The Path of the Historian
In Part One: What is a Data or Operational Historian, it was shared how Historians evolved from chart recorders; developed in order to view historical trends in data. Using data historians, we are able to track, record, and store different gauges and readings for machinery including but not limited to; temperature, units produced, pressure levels, flow rates, energy consumption, and more. This helps optimize processes and use of machinery and also can be used to ensure compliance to company or regulatory policies. We also discovered though, that while being a great tool for users – it did leave something to be desired.
A Future in Need
Upon looking at the strengths and weaknesses of the given options from Part Two: How To Use Historian Data and Existing Options, one can surmise that in order to create the perfect device for users, it would have to optimize the following:
- Read/Write Speed
The speed of data input and processing at which Historians work is undeniable. In comparison to just about every other type of traditional software/option, it is able to fulfill hundreds of thousands entries every second. With this kind of speed, data historians can find enterprise-wide use. With multiple sensors, pulling from a variety of check-points on every machine on the plant floor, all desired statistics could be gathered. Efficiency of data storage for historians also ranks highly in comparison to the most common alternative; relational databases..
- Analytics and Processing
Possibly the greatest missing factor of the Historian is the ability to create comparative relational analysis in and of itself. This requires a third party tool and generally involves the grueling task of transferring large volumes of data. In this situation; we took a look at relational/traditional columnar database systems in which although populated significantly less data, were made for this type of data processing. Relational databases offer a very functional structure of data that is easy to understand, and easy to use and very familiar among users but take significantly more time both storing and retrieving data.
- Cost Effectiveness
In the current state of price availability based on user licensing, amounts of tags, and storage, while still having the limitations and gaps previously discussed; the data historian is not always the best option available. Especially when keeping in mind the dynamic use of different database software or opening up the possibility of using something open-source. Having a combination of the previous items is not always realistic either; when thinking about the possible complexity of having to deal with the convolution of using different tools.
Is it even possible?

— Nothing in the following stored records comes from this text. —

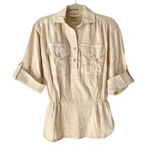 Lou Louis California 70s Vintage Ivory Cream Tweed Natural Hippie Blouse S/M
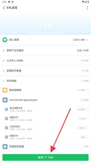 3、軟件會檢測手機中的垃圾,再點擊清理的按鈕。
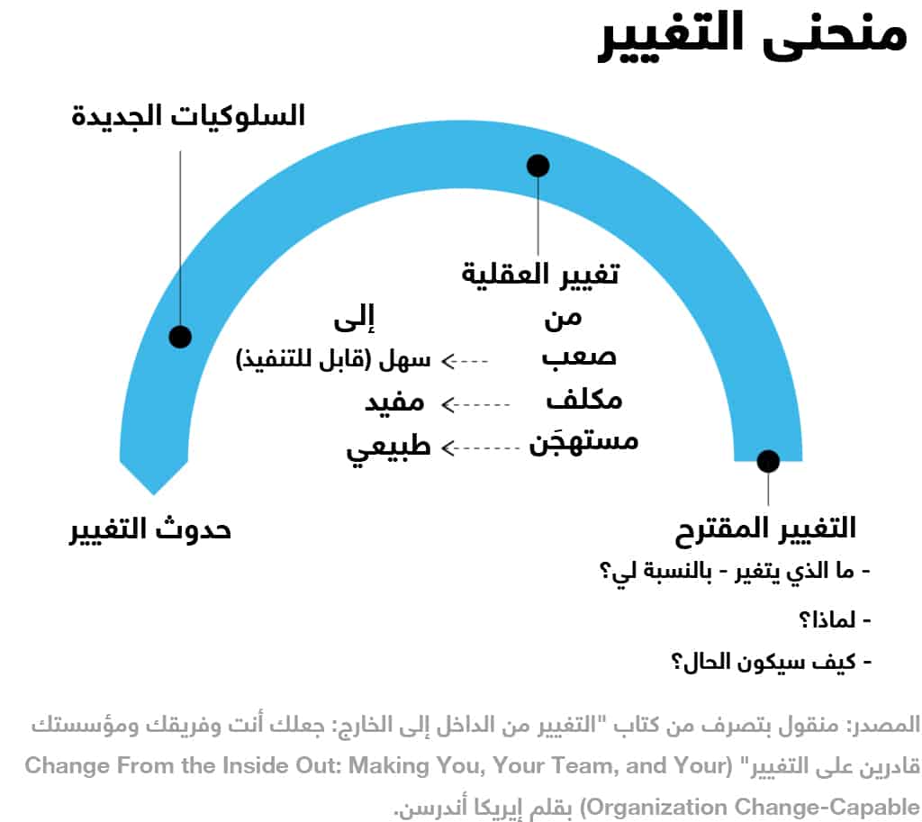 ومن الأهمية بمكان أن تتذكر كقائد أنك حينما تعلن لموظفيك عن التغيير المنشود، فإنك قد أخذت ما يكفيك من الوقت للمرور بكافة مراحل منحنى التغيير، لكننا غالباً ما نتوقع من موظفينا أن يقبلوا التغيير من تلك اللحظة كما قبلناه نحن بعد شهور من التفكير والتساؤل وتغيير عقليتنا.
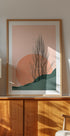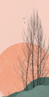Un paysage minimaliste apaisant, Sérénité au coucher du soleil capture la beauté tranquille de la nature avec une simplicité frappante. Des silhouettes d'arbres élancées et délicates se dressent sur un grand soleil orange chaud, encadrées par des collines vertes douces et vallonnées et un ciel pêche pâle. Deux petits oiseaux planent au-dessus, ajoutant un sentiment de paix et d'ouverture. La composition équilibrée et la palette de couleurs discrètes rendent cette pièce parfaite pour les intérieurs modernes, scandinaves ou d'inspiration japonaise et crée un point focal calme dans n'importe quelle pièce.

To optimize read/write speed, analytics and processing, while still being able to be cost effective in a single tool sounds unattainable. Each option is a viable choice for a reason, right? This is generally the case until the further advancement of technology which breaks or surpasses previously held limitations…

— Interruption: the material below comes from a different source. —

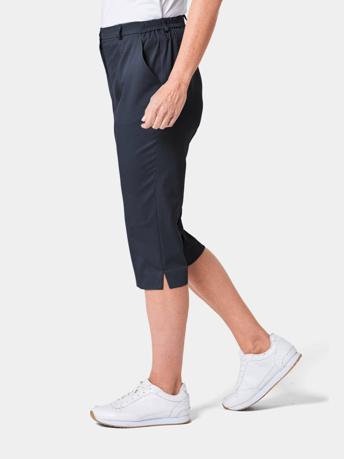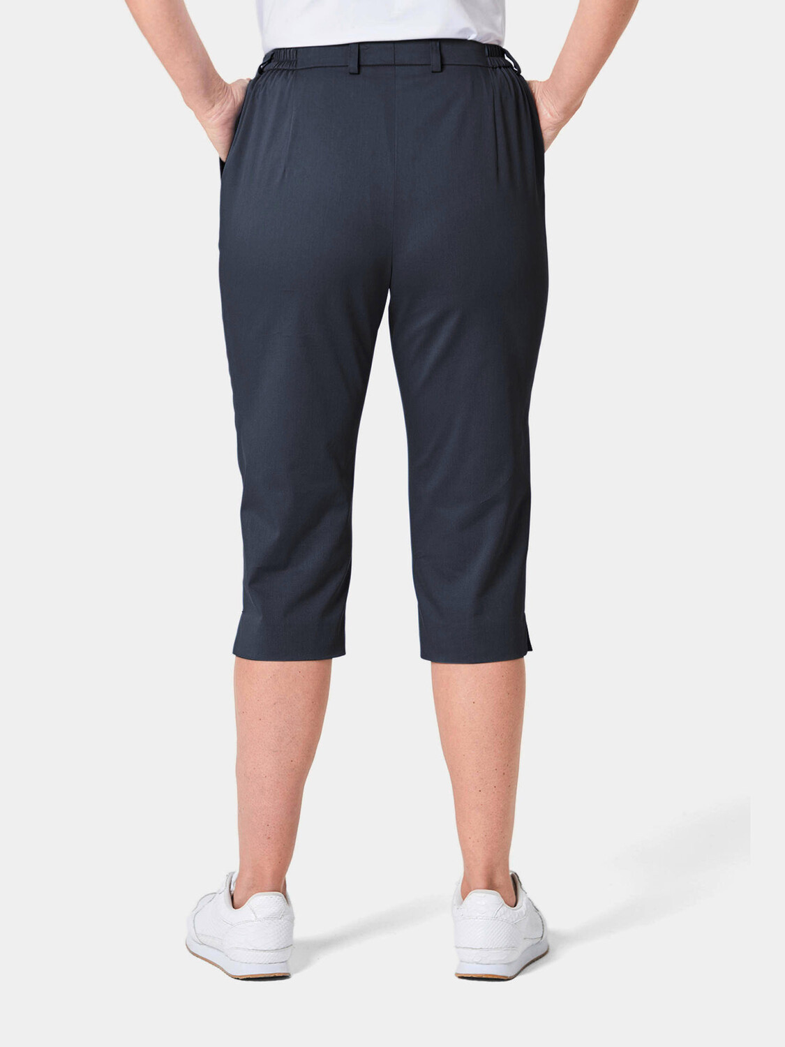 Укороченные атласные брюки летней длины капри. Оснащена Bionic Finish® — функциональной защитой волокон, которая делает модель водо-, масло- и грязеотталкивающей, а также воздухопроницаемой и удивительно простой в уходе. Благодаря эластану высокое качество очень удобно для движения. Боковой эластичный пояс отличается особой гибкостью и обеспечивает идеальную посадку. Практичные петли для ремня, боковые карманы, спортивные швы и элегантные боковые разрезы дополняют красивый образ. Закрывается на кнопку и молнию. Ширина по низу около 44 см. Узкая ширина штанин.

The Development of Time Series Database Management and IIoT
With great strides being made in technology; the IoT (Internet of Things) and IIoT (Industrial Internet of Things) have made ebbs and flows in many different industries, causing many different businesses to adapt if they wish to stay afloat; Data being one of the industries. Machbase has proven itself to be an innovative leader in the pack with the Database Management System optimized for IoT and Big Data compatibility.
Data Entry Up to Millions of Inputs Per Second
With great strides being made in technology; new time series databases are becoming faster than their counterparts; Machbase having the ability to track and record more than a million entries each second. The architecture of it is optimized for sensor data processing. In addition to the ability to track data, it is also able to be compressed in real-time to store more efficiently, and also to process queries at faster speeds as well..
- Real Time Data Analytics; One Stop Shop
Along with data entry speed; newer Time Series Database Management systems are able to do real time data analytics. There is no longer a need to have different tools for different functions. Especially with software being able to integrate with IoT data devices; it gives the ability to more easily collect additional data from different devices for analytics. In a world with increasingly cheaper and cost-effective sensors, the price model for data historian licensing becomes more obsolete. Data written/pulled is not just faster than before, but more current for real time decision making.
- Reliability & Support
With the reliability & support of proprietary database management systems, the technology is advancing and becoming more scalable. With their cluster-supported HA (High Availability) technology, Machbase is able to engage in continued service, even in the event of server failures. Adding additional servers not only increases linear data performance, but creates added reliability.
Will Historians Weather the Storm?
Data Historian software has played a big role in the development of Big Data. Even up to now, Historian data is stable, easy to implement for companies and easy to maintain. Historians still rank highly in high speed data input in comparison to most other available options. Also, with data historians having been utilized for so long, added with the idea that companies are comfortable using them and change is sometimes resisted; they most likely won’t go away as an option for manufacturing plants. It has already come to a point though, that Historians may not be the optimal choice in the long run without adjustments and further development in order to compete.
One could point to Traditional chart recorders which are still finding their use for some companies. If chart recorders have survived and are still around after all the technological advancement of the past 3 decades, Historians could probably be able to keep a place in the industry of machine manufacturing.
The future though, seems to require more adaptation and a compatible vision in conjunction with the IIoT.